Cryo-EM grids of NOMPC in amphipols were prepared similarly, and Cryo-EM images were first collected at the Janelia CryoEM facility Titan Krios (FEI Company) microscope operated at 300kV and equipped with a Cs corrector and a post-GIF K2 camera. Cryo-EM images were collected with an energy selection slit of 20 eV and a physical pixel size of 1.35 Å. This yielded an initial reconstruction at ∼4.8 Å (data not shown) from ∼121,000 particles selected from 3,720 images by one round of 2D classification and two rounds of 3D classification in Relion. Subsequent data were collected on the UCSF Polara as above, yielding the amphipol reconstruction shown here.

Image Processing

For negative stain data, Simplified Application Managing Utilities for EM Labs (SAMUEL) scripts were used for image processing, particle picking and 2D classification16. In this package, 2D classification was carried out by ten cycles of correspondence analysis, k-means classification and multi-reference alignment using SPIDER operations ‘CA S’, ‘CL KM’ and ‘AP SH’35. For cryo-EM data, dose-fractionated super-resolution image stacks were drift corrected and binned 2×2 by Fourier cropping using MotionCor2 (ref 36) (after discarding the first two frames). Motion-corrected sums without dose-weighting were used for CTF determination using GCTF37. Motion-corrected sums with dose-weighting were used for all other image processing, including particle picking. Particle picking, 2D classification, 3D classification and refinement procedures were carried out using both RELION1.4 and RELION 2 (ref 38).
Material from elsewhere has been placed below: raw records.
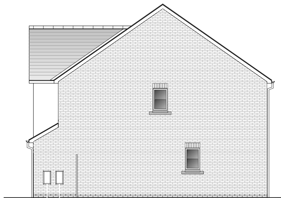
SIDE ELEVATION (RHS)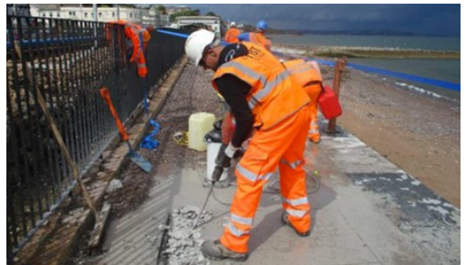
Ground investigations are being carried out

'Targets' were also installed along the top and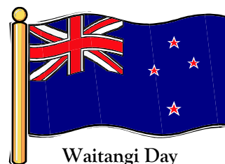
Waitangi Day Sunday 6 February 2011

St Matthew's is a Diocesan School and we look forward to welcoming them to their Cathedral.

An ab initio 3D reconstruction was generated from a small initial cryo dataset using the program PRIME implemented in the Simple package39. This reconstruction was then filtered to 60 Å resolution and used as an initial reference model for 3D auto-refinement in RELION. All 3D refinements were carried out following the gold-standard procedure in which the dataset is divided into two half sets and refined independently. 3D reconstruction was first calculated and refined without symmetrization (C1). Since no obvious asymmetric features were seen, C4 symmetry was then applied throughout the refinement. After refinement had converged, the final dataset was subjected to ‘post-processing’ in RELION, in which a soft mask was calculated and applied to the two half-maps before calculating the corrected Fourier shell correlation (FSC) and the resolution was estimated using FSC=0.143 criterion40 on the corrected FSC curves in which the influences of the mask were removed. Temperature-factor estimation and map sharpening were also performed in this step. Local resolution estimates were calculated with unsharpened raw density maps using the ResMap41.

Model building

Ab initio model building was carried out in COOT42. Initial placement of the TM helices was made based on sequence alignment with TRPV1 and TRPA1. A rough model of the N-terminal AR domain was built by positioning individual Ankyrin repeats (pdb code: 4RLV) into EM density for each of the 29 Ankyrin repeats. Sequence register was then determined by assigning aromatic and other residues with bulky sidechains to well-resolved densities in the final sharpened density map. The linker domain, which is largely α -helical, was then built by connecting the two domains, with large, well-resolved side-chains serving as markers. After building by hand, the model was refined in PHENIX43 using 10 cycles of real-space refinement and the electron scattering table. Problematic regions and Ramachandran outliers were then manually corrected in COOT, followed by an additional 10 cycles of real-space refinement in PHENIX. For cross-validation, the final model was refined against one of the half maps generated in RELION. FSC curves were then calculated between the refined model and half map 1 (‘work’, used in test refinement), the refined model and half map 2 (‘free’, not used in test refinement) and the refined model and the summed map. There is no significant gap between ‘work’ and ‘free’ FSC curves, indicating little effect of over-fitting. Additional validation of the model was carried out using MolProbity44 and EMRinger45 (Supplementary Information Table 1). The program CAVER46 was used to calculate the pore profile shown in Figure 3. The program PyMol was used to calculate surface representation of electrostatic potentials.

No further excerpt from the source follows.